# Smoked Cream Cheese



## Splittine (Nov 24, 2007)

Yup


----------



## jack2 (Mar 19, 2010)

what can you do with 13 lbs of smoked cream cheese?
inquiring minds want to know

jack


----------



## Splittine (Nov 24, 2007)

jack2 said:


> what can you do with 13 lbs of smoked cream cheese?
> inquiring minds want to know
> 
> jack


Oh that's not all of it. Haha. 

Sell it.


----------



## daniel9829 (Jan 31, 2009)

That looks good did you use a cold smoke process? Or how did you do it I have never done cold smoking.


----------



## halo1 (Oct 4, 2007)

I bet that would make a bad arse version of wades tuna dip! What kinda smoker is that? And how are you controlling the temp? I've been wanting to try this!


----------



## Splittine (Nov 24, 2007)

halo1 said:


> I bet that would make a bad arse version of wades tuna dip! What kinda smoker is that? And how are you controlling the temp? I've been wanting to try this!
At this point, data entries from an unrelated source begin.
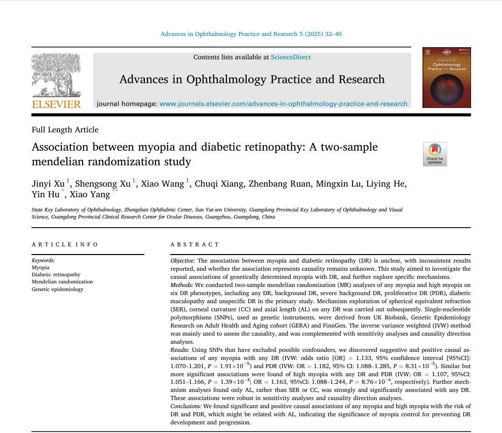 近日,中山大學(xué)中山眼科中心楊曉教授研究團(tuán)隊(duì)在 “Advances in Ophthalmology Practice and Research” 期刊發(fā)表了題為“Association between myopia and diabetic retinopathy: A two-sample mendelian randomization study” 的研究論文。中山大學(xué)中山眼科中心徐贐祎博士、許晟嵩博士和汪瀟碩士為論文第一作者,楊曉教授為論文通訊作者。
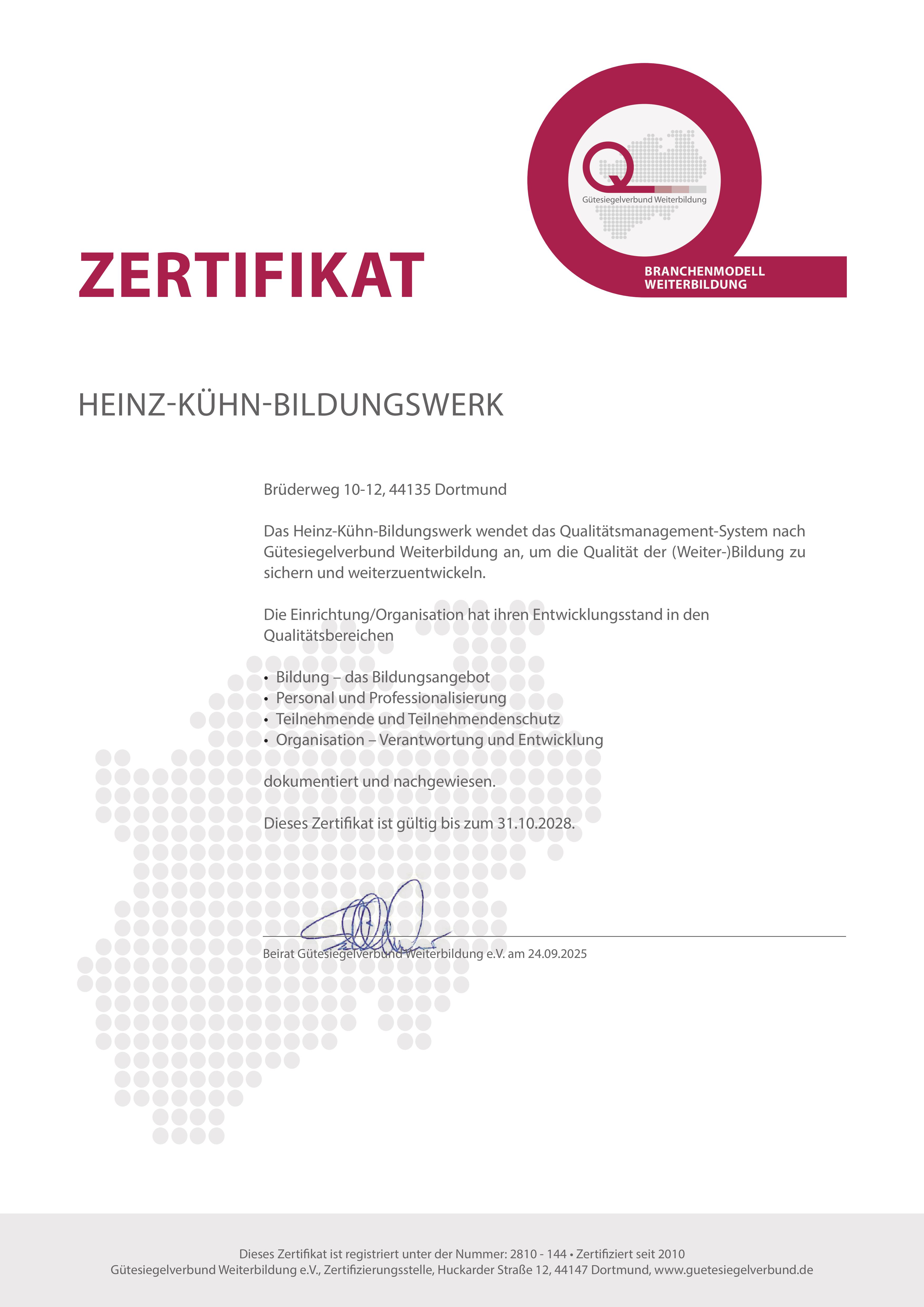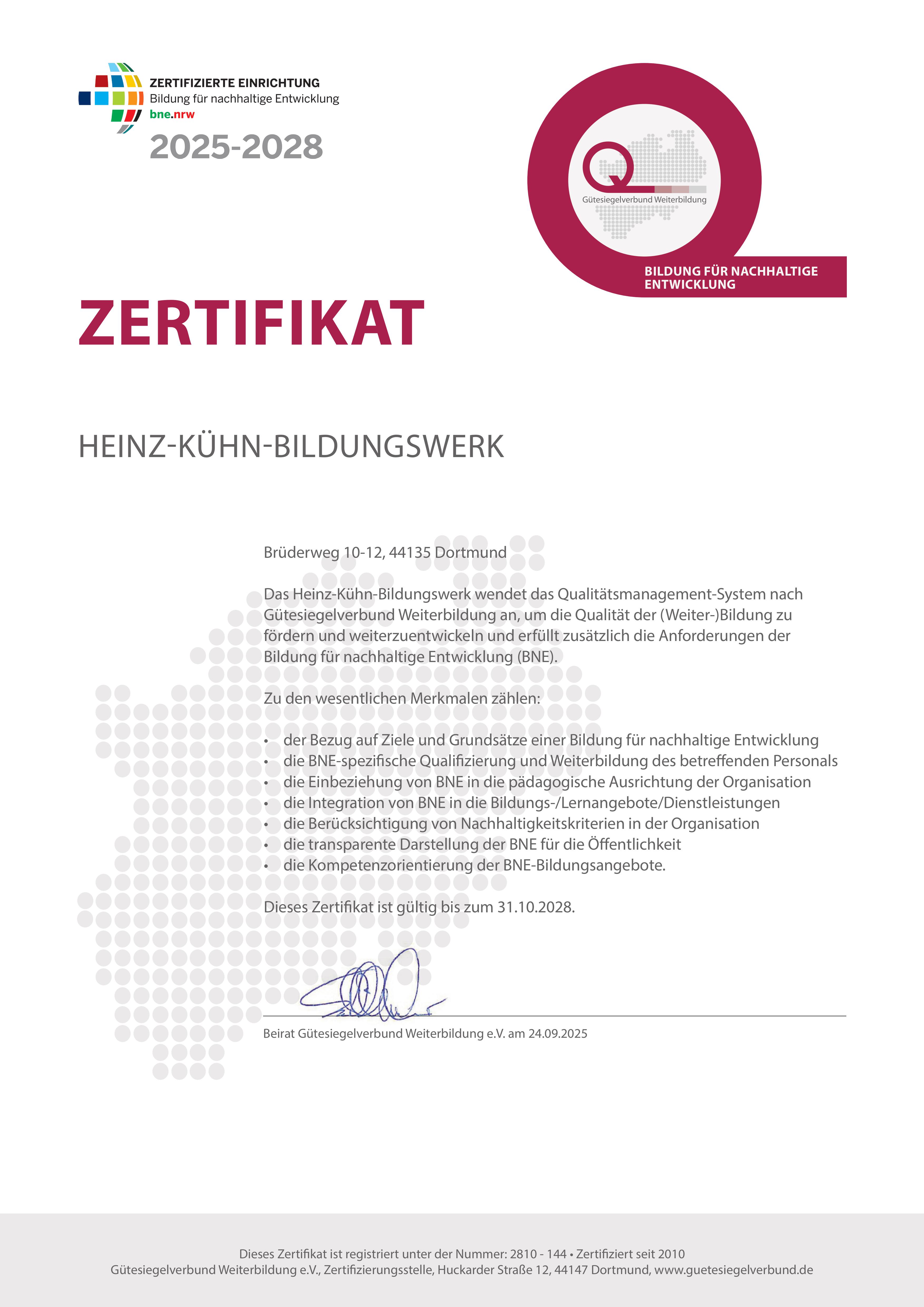 Das Heinz-Kühn-Bildungswerk hat am 01.10.2010 das Zertifikat für Qualität in der Weiterbildung erhalten. Die Rezertifizierung 2025 bestätigte die Qualitätsstandards des Bildungswerks.
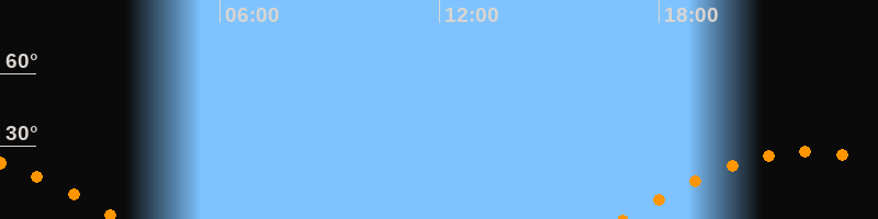 | Aufgang | 17:00 Uhr im Osten (αAz = 107,6°) |
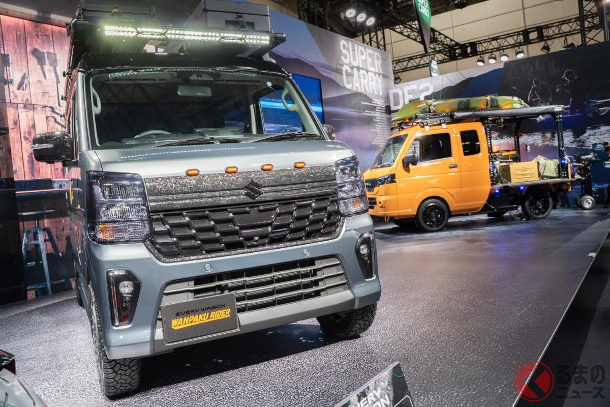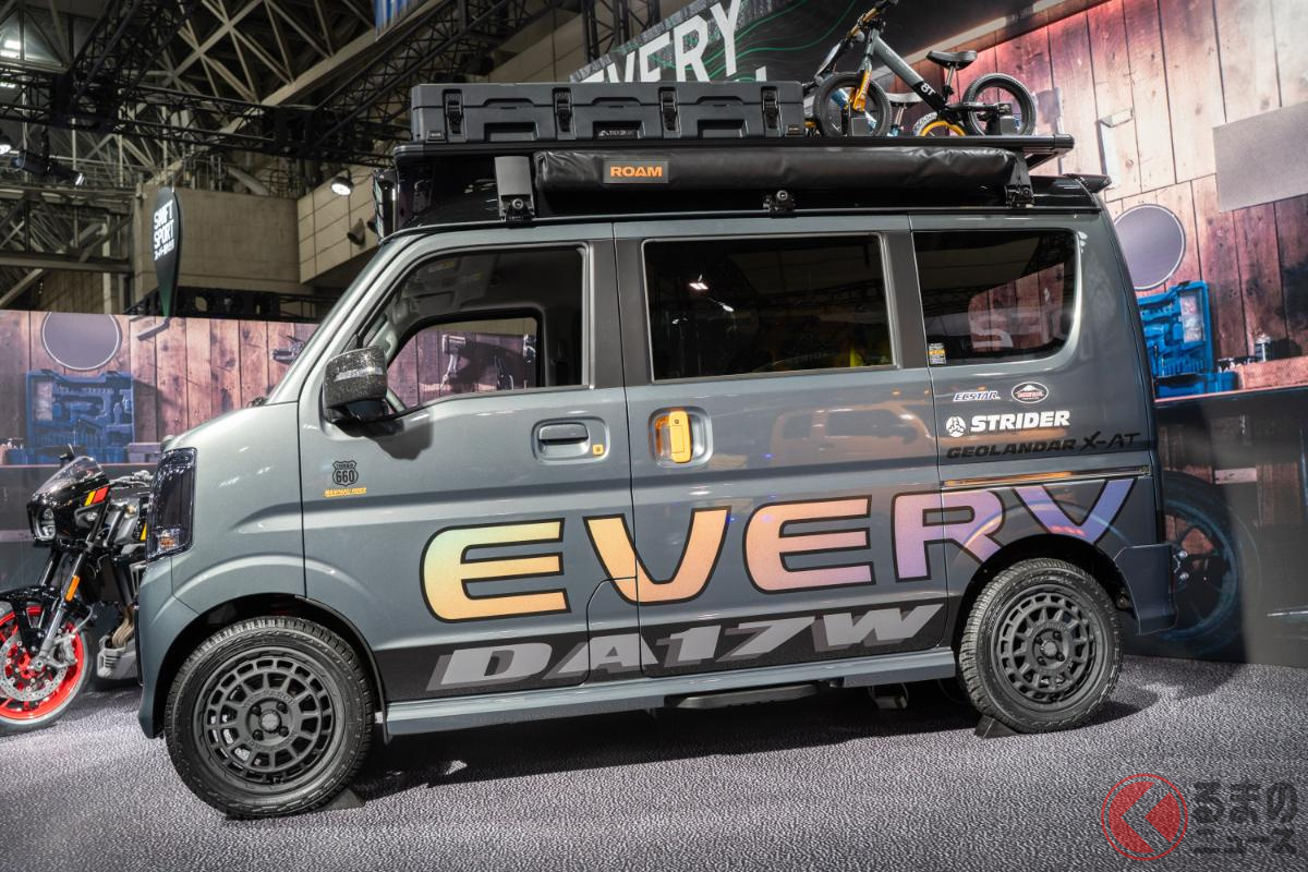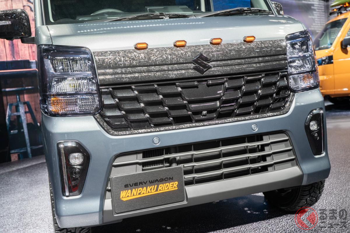 スズキ“新型”「エブリイ」!? “10年ぶり顔面刷新”の「新モデル」まもなく登場!? 迫力顔の新「EVERY WAGON WANPAKU RIDER」初公開…どんなモデル?
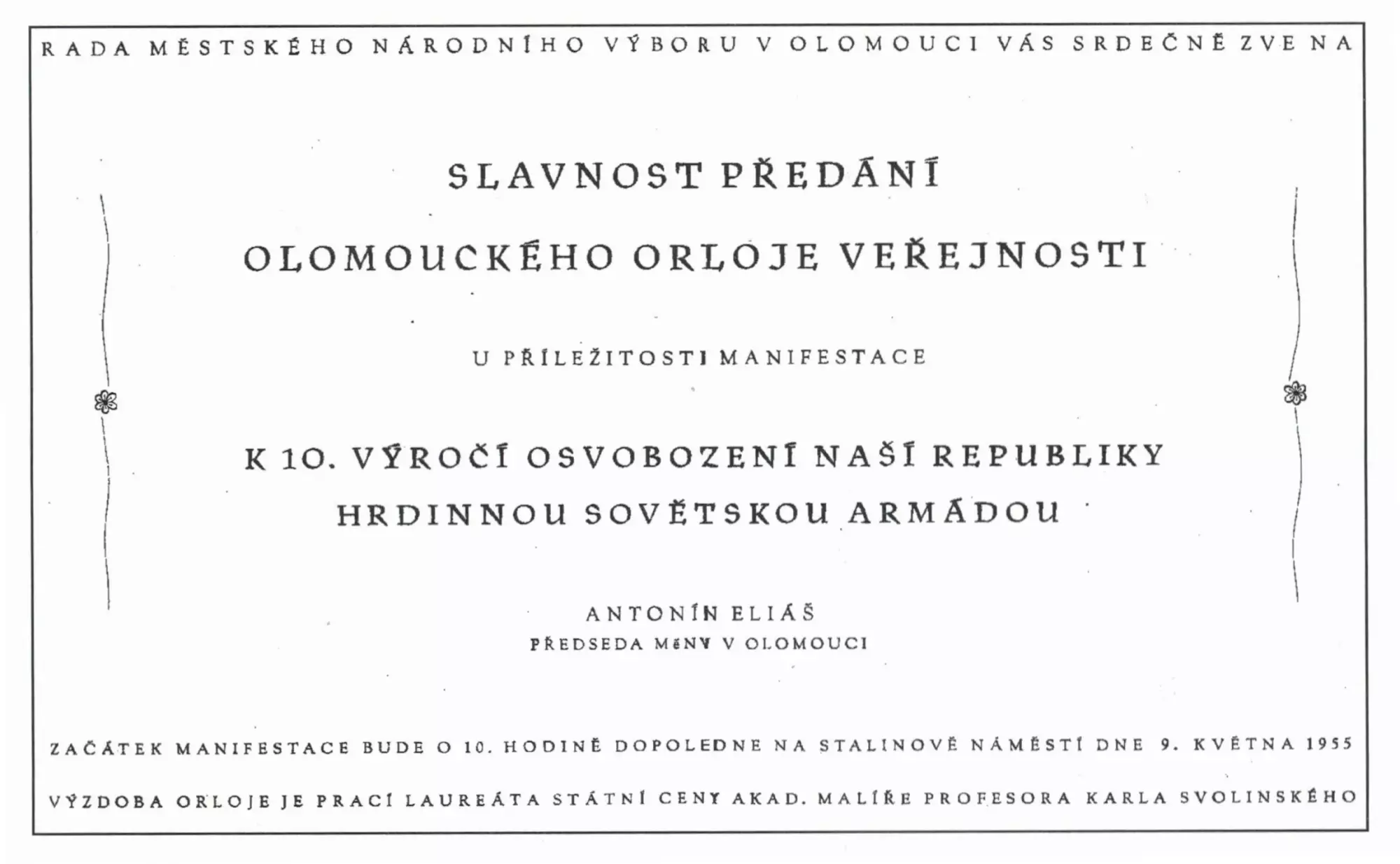 Nezbytnost poválečné renovace olomouckého orloje projednával Státní památkový úřad v Brně, jenž dopisem svého ředitele Stanislava Sochora z 16. září 1946 doporučil Ústřednímu národnímu výboru v Olomouci „nahradit malby na orloji dílem úplně novým, ale hodnotným a tvárným v duchu nové doby“. Vedení města proto vyhlásilo 2. dubna 1947 veřejnou soutěž, jíž se mohli zúčastnit všichni českoslovenští organizovaní výtvarní umělci; návrhy řešení orloje, dodané do uzávěrky soutěže 30. června 1947, jež by se umístily na prvních třech místech, byly dotovány odměnami 15 tisíc, 10 tisíc a pět tisíc Kčs. Třemi dodanými návrhy však byla soutěžní porota „nemile překvapena“, a proto doporučila 7. července 1947 Ústřednímu národnímu výboru v Olomouci, aby se obrátil na pražské výtvarníky moravského původu Richarda Wiesnera, Stanislava Ježka a Karla Svolinského, s výzvou, aby se ujali zhotovení nového olomouckého orloje. Jako první z nich kladně reagoval 15. července akademický malíř Karel Svolinský (1896–1986), rodák ze Svatého Kopečka a profesor Vysoké školy uměleckoprůmyslové v Praze. Dne 5. října 1947 Svolinský projednal v Olomouci s kulturním referentem ÚNV v Olomouci Stanislavem Křupkou svou koncepci obnovy orloje jakožto nového výtvarného díla, zachovávajícího nicméně původní strojní zařízení, jakož i rozvržení číselníků, a nahrazujícího dosavadní malby na omítce skleněnou mozaikou. V létě 1944, 1948 a 1950 podnikal Karel Svolinský se svou manželkou, akademickou sochařkou Marií Svolinskou roz. Veselou (1903–?), studijní cesty do Itálie, aby se zde obeznámili s technikou skleněné mozaiky, a v létě roku 1949 si Svolinský zajel na Hanou, neboť hodlal využít při výzdobě orloje folklorních motivů. Architektonickou a stavební úpravou orlojové niky byli pověřeni pražský architekt Antonín Drábek a olomoucký stavitel František Macharáček; proti novým pilířům protestoval bezvýsledně Státní památkový úřad pro Moravu a Slezsko v Brně 14. listopadu 1949. Dne 29. prosince 1950 byly z výklenku odstraněny pozůstatky dosavadního orloje, ale realizace nového orloje se vlekla. V roce 1953 byly v národním podniku Umělecké sklo – Česká mozaika Praha, Letohradská 3 (pobočce sklárny Nový Bor), vyrobeny čtyři miliony různobarevných skleněných dílků pro celkovou plochu 100 m2 mozaikové výzdoby orloje, s jejímž pokládáním bylo pod vedením Michala Ajvaze započato 12. května 1953. Hodinář Karel Schuster rozebral, vyčistil a opravil hodinový stroj a doplnil ho o letopočet, organista a organolog Antonín Schindler a hudební nástrojář Josef Harna rekonstruovali zvonkohru, píšťalovou hru a hlas kohouta, tehdejší ředitel Krajského vlastivědného muzea v Olomouci Jaroslav Kanyza navrhl nové kalendárium, koncipování číselníků s astronomickými údaji bylo úkolem ředitele Lidové hvězdárny v Olomouci předsedu pobočky České astronomické společnosti Vladimíra Petra. Jaroslav Kanyza rovněž prosadil, že zvonkohra bude hrát melodie tří hanáckých písní proti požadavku místních představitelů Komunistické strany Československa, aby z orloje zněly melodie Internacionály či Písně práce. Náklady na obnovení olomouckého orloje činily kromě honoráře K. Svolinského 954 447 Kčs, ze strany vedení města Olomouce odpovídali za provedené práce předseda Městského národního výboru v Olomouci Antonín Eliáš, jeho náměstek Antonín Lang a kulturní referenti Stanislav Křupka, Františka Kučerová a Ladislav Holásek. Původně měl být orloj odhalen již v květnu 1954, ale stalo se tak až 9. května 1955 v 10 hodin dopoledne během „manifestace k 10. výročí osvobození naší republiky hrdinnou Sovětskou armádou“, slavnostního projevu se ujal předseda MěNV v Olomouci Antonín Eliáš. Traduje se následující historická anekdota: Jedna dáma prý před aktem odhalení orloje zaujala místo v prostoru před orlojem, kam se posléze přesunuli z rozměrné tribuny postavené před radničním podloubím představitelé KSČ a „lidosprávy“, jakož i tvůrci orloje, a ocitla se vedle mužíka s baretem na hlavě. Když byla stržena plachta zakrývající orloj, vykřikla dáma zděšeně: „Prokristapána, který idiot tohle udělal?“ A ten mužík se na ni bolestně podíval a pravil: „Já, milostivá paní.“
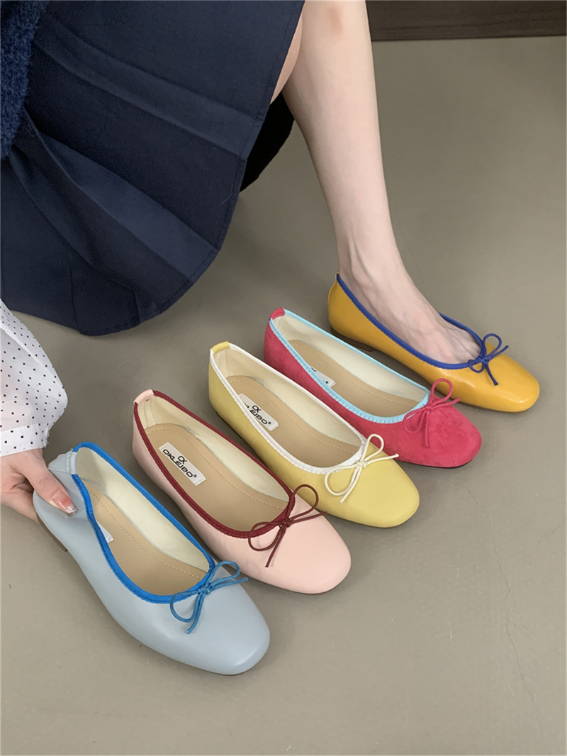 샤넬 스타일 부드러운 활 플랫 싱글 레이어 신발 여성의 2025 새로운 도착 얕은 입 이브닝 스타일 틈새 컬러 블록 발레 신발스토어 가기
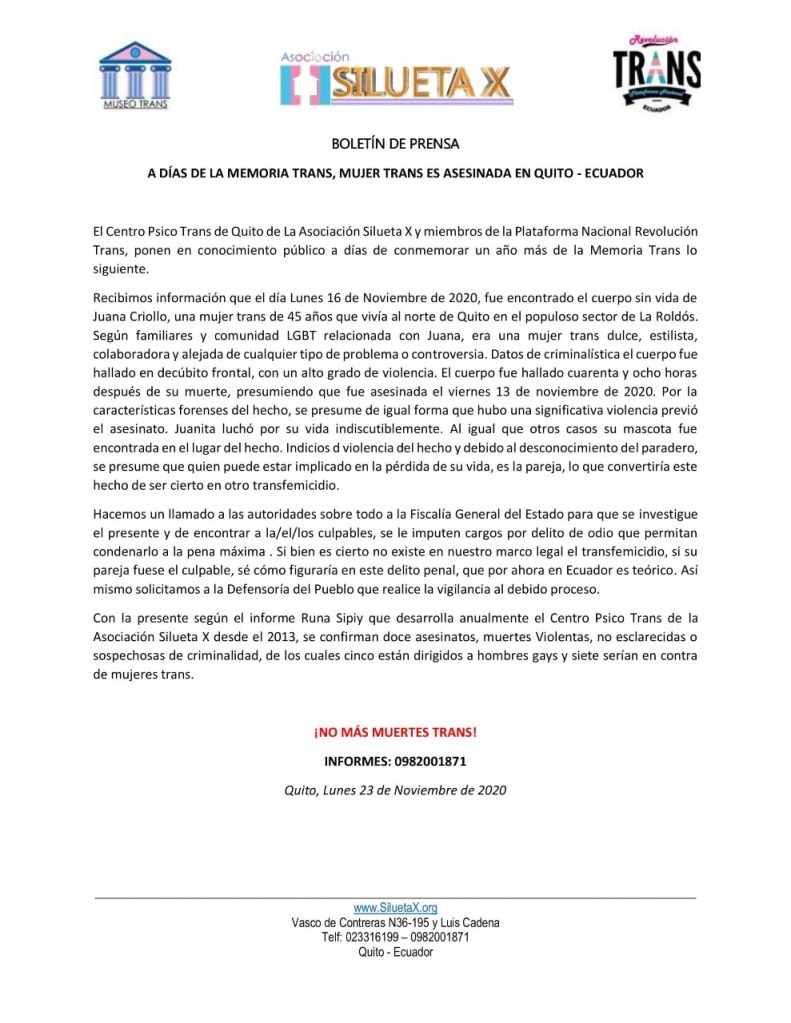 El Centro Psico Trans de Quito de La Asociación Silueta X y miembros de la Plataforma Nacional Revolución Trans, ponen en conocimiento público a días de conmemorar un año más de la Memoria Trans lo siguiente.

It's a Pitmaker Vault. The temp controls itself due to being so well insulated. It takes a lot to get this thing up to temp so we just light it up and let it run. Anything under 200' for about 2 hrs is good to go. 

And yes, ive used it in dips and also roll sushi with it. Or just straight up eat it on crackers.


----------



## jcasey (Oct 12, 2007)

That sounds like it would be good. What do you do after it is smoked ? do you vacuum seal and freeze it for whenever you need it ? I'm going to have to give that a try next time in a much smaller batch.


----------



## Splittine (Nov 24, 2007)

jcasey said:


> That sounds like it would be good. What do you do after it is smoked ? do you vacuum seal and freeze it for whenever you need it ? I'm going to have to give that a try next time in a much smaller batch.


No left overs. It's gone in a day or 2 but reckon you could freeze it.


----------



## halo1 (Oct 4, 2007)

Splittine said:


> It's a Pitmaker Vault. The temp controls itself due to being so well insulated. It takes a lot to get this thing up to temp so we just light it up and let it run. Anything under 200' for about 2 hrs is good to go.
> 
> And yes, ive used it in dips and also roll sushi with it. Or just straight up eat it on crackers.



Pitmaker makes one hell of a smoker! Hot damm ! Sell that smoked cream cheese to slippery mermaid and I'll be there to eat it that night! Cream cheese and sushi is the BOMB! But smoked cream cheese sushi genius!


----------



## Splittine (Nov 24, 2007)

halo1 said:


> Pitmaker makes one hell of a smoker! Hot damm ! Sell that smoked cream cheese to slippery mermaid and I'll be there to eat it that night! Cream cheese and sushi is the BOMB! But smoked cream cheese sushi genius!


If I have some cooked I'll take it with me to a sushi place and have them roll my rolls with it and let them keep the rest. I just about always use it when I roll sushi at home. Good stuff.


----------



## Jason (Oct 2, 2007)

Half ta try it next time I do some dip! Too bad they don't do the jalapeno cream cheese in the blocks!!!


----------